Frustrée par le silence qui entourait le lupus ( maladie chronique), par sa méconnaissance et par l’isolement qu’il imposait aux personnes atteintes, Hanna Camara Mangué a décidé d’attirer les regards sur cette maladie à travers son histoire. Mon combat contre le lupus et la drépanocytose est une œuvre autobiographique dans laquelle l’auteure partage ses souffrances, ses combats et son intimité, même dans ses parts les plus sombres, sans aucune censure. Isolée dans la solitude, victime d’abus sexuels et confrontée à des préjugés mystiques, Hanna s’est dévoilée à travers les différentes étapes de sa vie dans un récit poignant, dans le but de venir en aide aux autres. Sorti en mars 2025, son ouvrage a joué un rôle considérable dans la sensibilisation, la démystification et la médiatisation du lupus auprès du grand public. C’est d’ailleurs le seul ouvrage d’un auteur ivoirien qui en parle avec des détails, dans un langage accessible, sans trop de vocabulaire scientifique. Cela a eu un impact remarquable au niveau des malades qui s’assument de plus en plus et sur le regard de la société ivoirienne vis-à-vis de ces malades. Invitée à Papolittéraire, Hanna Camara s’est davantage confiée sur son œuvre, ses motivations et son objectif. Un extrait de l’interview avant la vidéo complète.

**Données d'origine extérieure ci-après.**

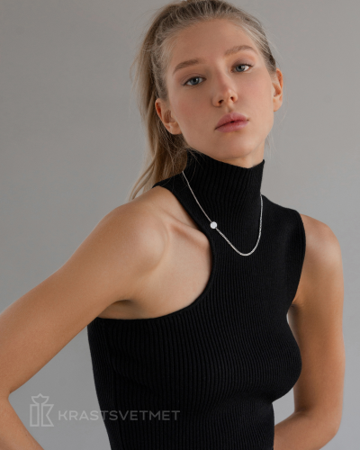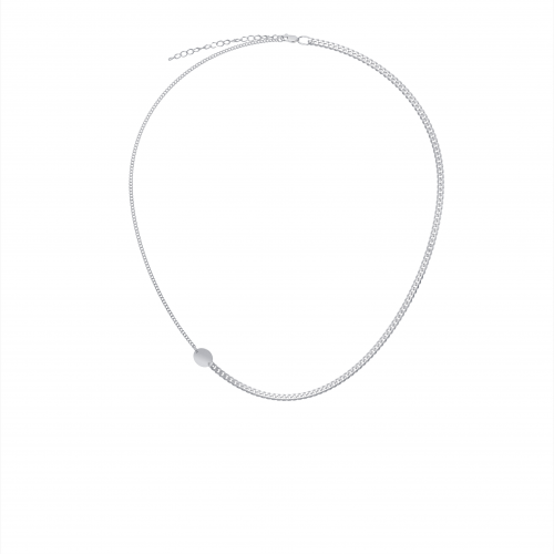 Стильное колье состоящее из двух гурмет разного диаметра (d 0,9 мм и 0,5мм) с акцентом в виде круглого диска (d9мм) выполнено из серебра 925 пробы

CultureNoushi : quel a été le déclic de cet ouvrage ?
Hanna Camara : Le déclic du livre, c’est la solitude, l’incompréhension de l’entourage, le fait de savoir que personne ne comprend ce que j’ai. Les gens parlaient de moi sans vraiment connaître ce que j’endurais. Et ça me blessait franchement. Du coup, je me suis dit : au lieu de chercher à faire comprendre à une seule personne, ou soit à ma famille, parce que j’avais des problèmes avec tout le monde, je vais écrire un livre.
Je vais démystifier cette maladie, je vais apporter de la lumière dessus et je vais faire savoir que nous sommes beaucoup à souffrir en silence. Déjà, c’est une maladie qui rend associale, donc imaginez, il fallait que la lumière soit mise sur cette maladie.

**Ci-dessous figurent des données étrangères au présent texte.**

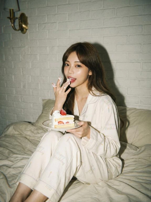 ケーキを食べてるところを

CultureNoushi : Ça fera bientôt un an, en mars 2026, que le livre est sorti. Pensez-vous qu’il a impacté des malades ou le regard des Ivoiriens ?
Hanna Camara : L’impact du livre a dépassé mon entendement. Quand j’ai décidé d’expliquer le lupus, je pensais que j’étais seule. À la sortie du livre, je me rends compte qu’on est plus de 2 000 cas en Côte d’Ivoire. Il y a tellement de personnes qui ont perdu des proches et ce livre a été le bienvenu pour ces personnes.
Il a aussi redonné de l’espoir à certains parents de malades du lupus. Pour les personnes atteintes du lupus, ça a été comme un journal intime dans lequel on mettait des mots sur ce qu’elles vivent au quotidien, en silence. Le livre a été très bien accueilli et j’en suis fière, voilà pourquoi je ne compte pas m’arrêter en si bon chemin.